§ **RECORDED INFORMATION**:
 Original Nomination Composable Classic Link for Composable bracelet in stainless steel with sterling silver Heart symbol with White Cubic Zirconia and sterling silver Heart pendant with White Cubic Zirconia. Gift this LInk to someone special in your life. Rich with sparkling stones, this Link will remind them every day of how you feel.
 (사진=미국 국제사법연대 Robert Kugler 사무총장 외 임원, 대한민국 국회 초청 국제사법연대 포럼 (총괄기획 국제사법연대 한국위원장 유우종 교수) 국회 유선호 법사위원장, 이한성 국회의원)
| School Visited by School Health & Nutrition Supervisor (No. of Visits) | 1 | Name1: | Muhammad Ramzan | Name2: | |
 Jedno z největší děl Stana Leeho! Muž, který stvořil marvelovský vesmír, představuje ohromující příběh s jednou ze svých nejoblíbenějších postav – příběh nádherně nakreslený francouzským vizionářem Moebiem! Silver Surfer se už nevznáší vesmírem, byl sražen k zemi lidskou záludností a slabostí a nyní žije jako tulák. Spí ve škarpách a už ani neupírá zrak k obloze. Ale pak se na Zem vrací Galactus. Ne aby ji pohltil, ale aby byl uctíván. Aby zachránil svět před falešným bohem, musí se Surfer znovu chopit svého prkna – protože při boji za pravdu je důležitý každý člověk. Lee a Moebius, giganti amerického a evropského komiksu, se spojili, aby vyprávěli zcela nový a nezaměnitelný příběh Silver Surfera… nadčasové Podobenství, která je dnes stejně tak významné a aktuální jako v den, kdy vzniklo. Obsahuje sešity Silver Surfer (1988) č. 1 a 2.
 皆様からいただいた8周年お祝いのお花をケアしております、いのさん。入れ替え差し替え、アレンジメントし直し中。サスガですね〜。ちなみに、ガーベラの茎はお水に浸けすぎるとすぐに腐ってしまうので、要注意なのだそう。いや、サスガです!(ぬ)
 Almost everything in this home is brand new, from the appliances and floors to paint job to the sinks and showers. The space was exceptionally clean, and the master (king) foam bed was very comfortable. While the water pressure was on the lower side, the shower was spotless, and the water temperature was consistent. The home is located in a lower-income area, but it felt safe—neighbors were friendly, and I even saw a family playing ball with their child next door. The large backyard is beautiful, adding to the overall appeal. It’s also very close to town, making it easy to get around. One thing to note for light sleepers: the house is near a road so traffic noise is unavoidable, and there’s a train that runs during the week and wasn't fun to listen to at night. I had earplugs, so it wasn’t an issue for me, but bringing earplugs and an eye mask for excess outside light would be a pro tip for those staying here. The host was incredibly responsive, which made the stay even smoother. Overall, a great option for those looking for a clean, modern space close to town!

§ **ASSIGNED TASK**:
Write the lines out again exactly, from the one containing "皆様からいただいた8周年お祝" through the last line of the records, and include no other lines.

§ **OUTPUT OF THE TASK**:
 皆様からいただいた8周年お祝いのお花をケアしております、いのさん。入れ替え差し替え、アレンジメントし直し中。サスガですね〜。ちなみに、ガーベラの茎はお水に浸けすぎるとすぐに腐ってしまうので、要注意なのだそう。いや、サスガです!(ぬ)
 Almost everything in this home is brand new, from the appliances and floors to paint job to the sinks and showers. The space was exceptionally clean, and the master (king) foam bed was very comfortable. While the water pressure was on the lower side, the shower was spotless, and the water temperature was consistent. The home is located in a lower-income area, but it felt safe—neighbors were friendly, and I even saw a family playing ball with their child next door. The large backyard is beautiful, adding to the overall appeal. It’s also very close to town, making it easy to get around. One thing to note for light sleepers: the house is near a road so traffic noise is unavoidable, and there’s a train that runs during the week and wasn't fun to listen to at night. I had earplugs, so it wasn’t an issue for me, but bringing earplugs and an eye mask for excess outside light would be a pro tip for those staying here. The host was incredibly responsive, which made the stay even smoother. Overall, a great option for those looking for a clean, modern space close to town!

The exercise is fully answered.